The pandemic has triggered a new essentialism. That is, a collective, global transformation in what and why we buy and consume. Historically, this is unsurprising, with economic contractions leading to a drastic decline on consumer durables︎︎︎, and a negative relationship between stock market variability and the production of consumer durables. Cross-country research︎︎︎ from May 2020 shows similar patterns in consumer spending, irrespective of the strictness of national containment policies, and points to personal choice as the biggest factor behind the drop. This has been significantly worse for those who are more exposed to COVID-triggered economic or health risks.

COVID-19 has made evident the need to reconfigure the structural relationship between the household, the state, and market economies︎︎︎.
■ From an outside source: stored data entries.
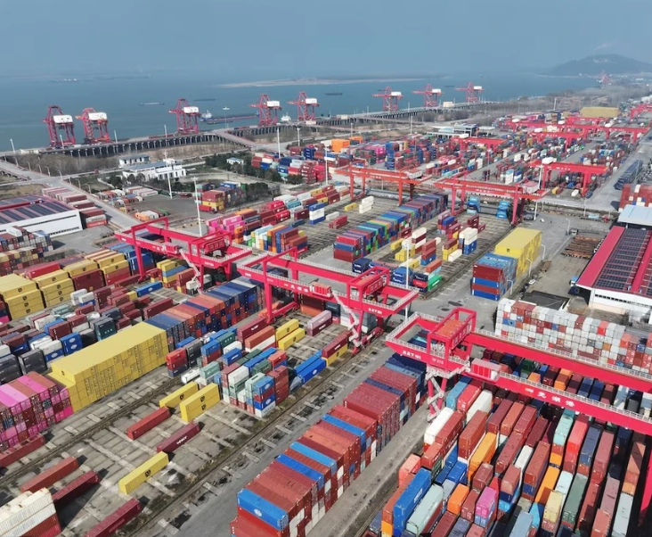 Các container và tàu chở hàng tại một cảng ở Wuhu, tỉnh An Huy (Trung Quốc). Ảnh: Reuters.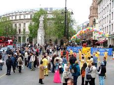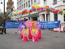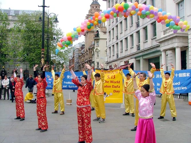 【明慧网2005年5月16日】英国大法弟子2005年5月14日在伦敦市中心举办了庆贺第六届世界法轮大法日的活动。
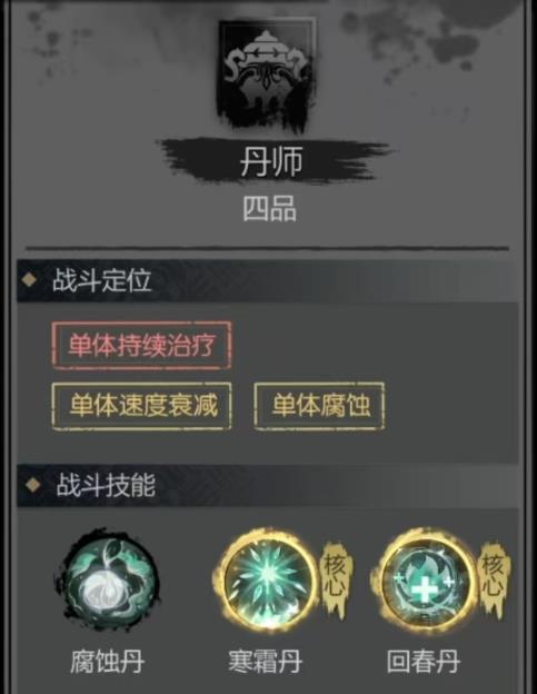 1、丹師需兩次轉職獲取,從方士一轉成陰陽師,再二次轉職可得,其戰(zhàn)斗定位是單體持續(xù)治療,附帶多種負面效果,能應對特定戰(zhàn)斗場景。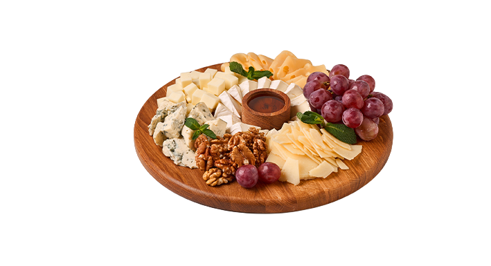 Состав: Камамбер, пармезан, дорблю, маасдам, сулугуни, виноград, грецкий орех, мед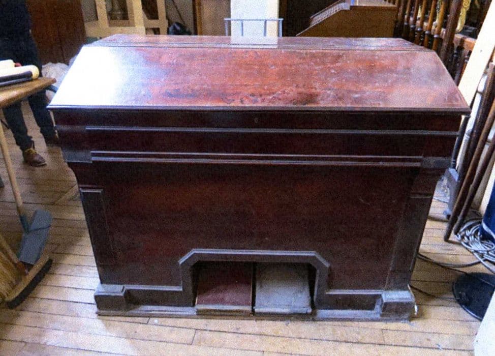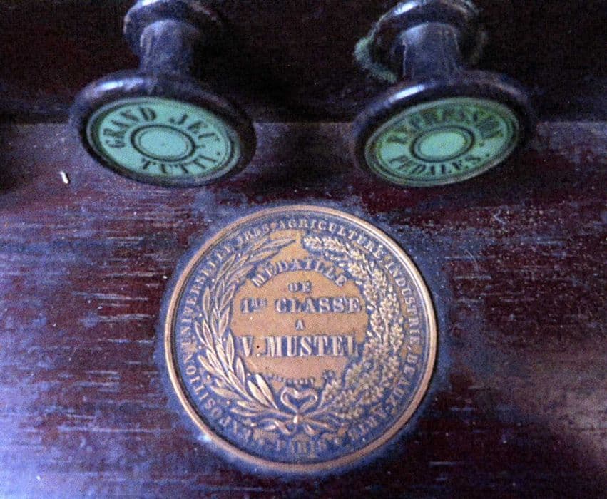 Instrument classique de « 5 jeux », Jeux de 8 pieds, nécessaires au soutien de la voix, 4 demi-jeux dans les basses, 6 demi-jeux dans les dessus, deux jeux de Basson Hautbois et l'absence d'un jeu de 4 pieds. Caisse en palissandre est de forme pupitre, avec un couvercle articulé en trois parties. La table des layes est réalisée par un assemblage complexe d'ébénisterie. Mécanismes de commande et d'ouverture des soupapes de jeux. Dans la case du Basson, mécanisme du pianissimo pneumatique, sorte de double-expression simplifiée avec soupape d'introduction assujettie à un moteur atmosphérique régulateur, affectée à ce seul demi-jeu et agissant en sourdine.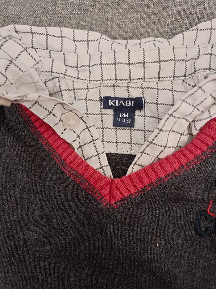 Vends un ensemble en 12 mois Avec un pantalon (jean) + pull avec chemise intégrée Ensemble de la marque kiabi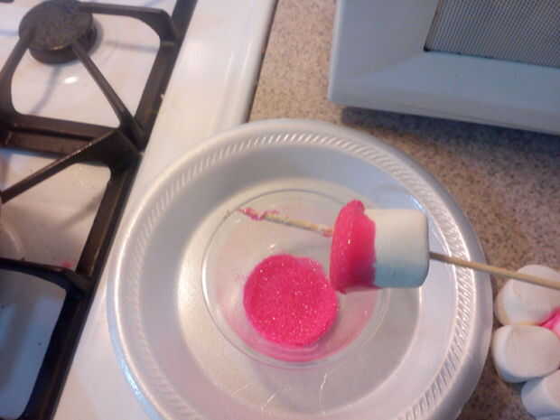 Insertar una brocheta en el malvavisco y sumergir el malvavisco en el chocolate derretido. Sacudir cualquier chocolate en exceso, entonces, inmediatamente sumerja el extremo con chocolate en los cristales de azúcar. Baje el malvavisco con suficiente espacio insertar una fresa.
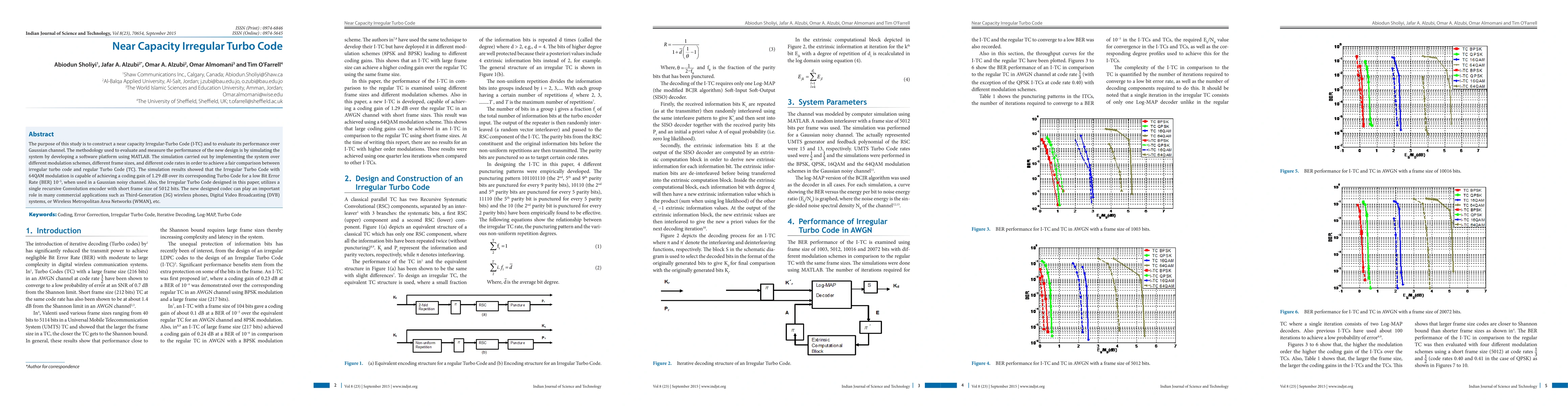 The purpose of this study is to construct a near capacity Irregular Turbo Code and to evaluate its performance over Gaussian channel. The methodology used to evaluate and measure the performance of the new design is by simulating the system by developing a software platform using Matlab. The simulation carried out by implementing the system over different modulation schemes, different frame sizes, and different code rates in order to achieve a fair comparison between irregular turbo code and regular Turbo Code. The simulation results showed that the Irregular Turbo Code with 64QAM modulation is capable of achieving a coding gain of 1.29 dB over its corresponding Turbo Code for a low Bit Error Rate 10 to 5, when used in a Gaussian noisy channel. Also, the Irregular Turbo Code designed in this paper, utilizes a single recursive Convolution encoder with short frame size of 5012 bits. The new designed codec can play an important role in many commercial applications such as Third-Generation wireless phones, Digital Video Broadcasting systems, or Wireless Metropolitan Area Networks, etc.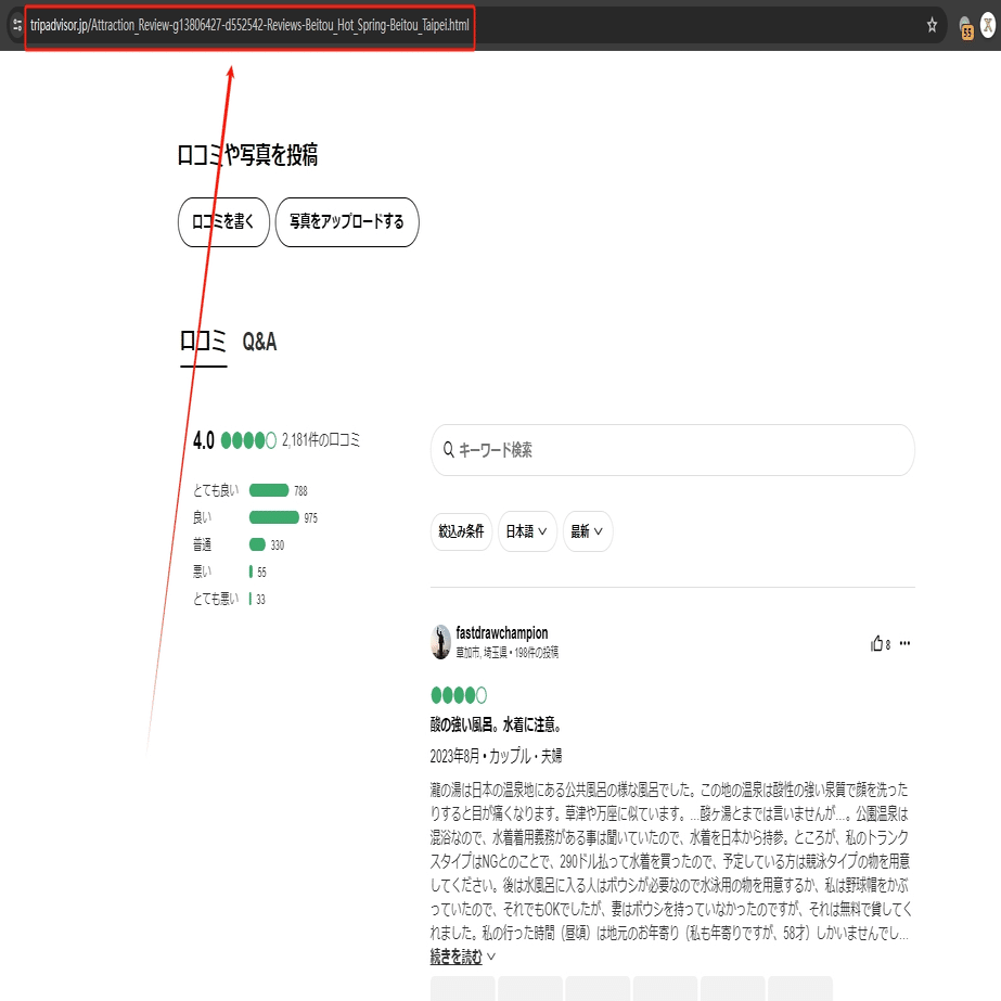 今回はある人気観光地のレビュー一覧ページを例として、そのスクレイピング方法を紹介します。まず、URLをコピーしてください。

For households, the usual means of smoothing income shocks︎︎︎ – such as casual work, the gig economy, and migration – are not possible in a lockdown situation. Many households, especially those involved in the informal economy, are unable to access any form of state support or insurance. Their fragility is further affected by where they live, their dwelling space, and their social networks. It is people – families, friends, neighbours – that currently carry a premium value, rather than the goods and services that the market provides. Our response to the pandemic has prioritised health and wellbeing over the economy. Is it possible, then, that in the future we might see the gap between what the market values and what citizens value close? Crucially, the pandemic has made visible the foundational role of the state in relation to markets. To date, the state has been the underwriter of market failure and risk. What we have witnessed in recent weeks opens up a new possibility for changes in the social contract. We can alter how we live, how corporations operate, and the role and responsibility of government.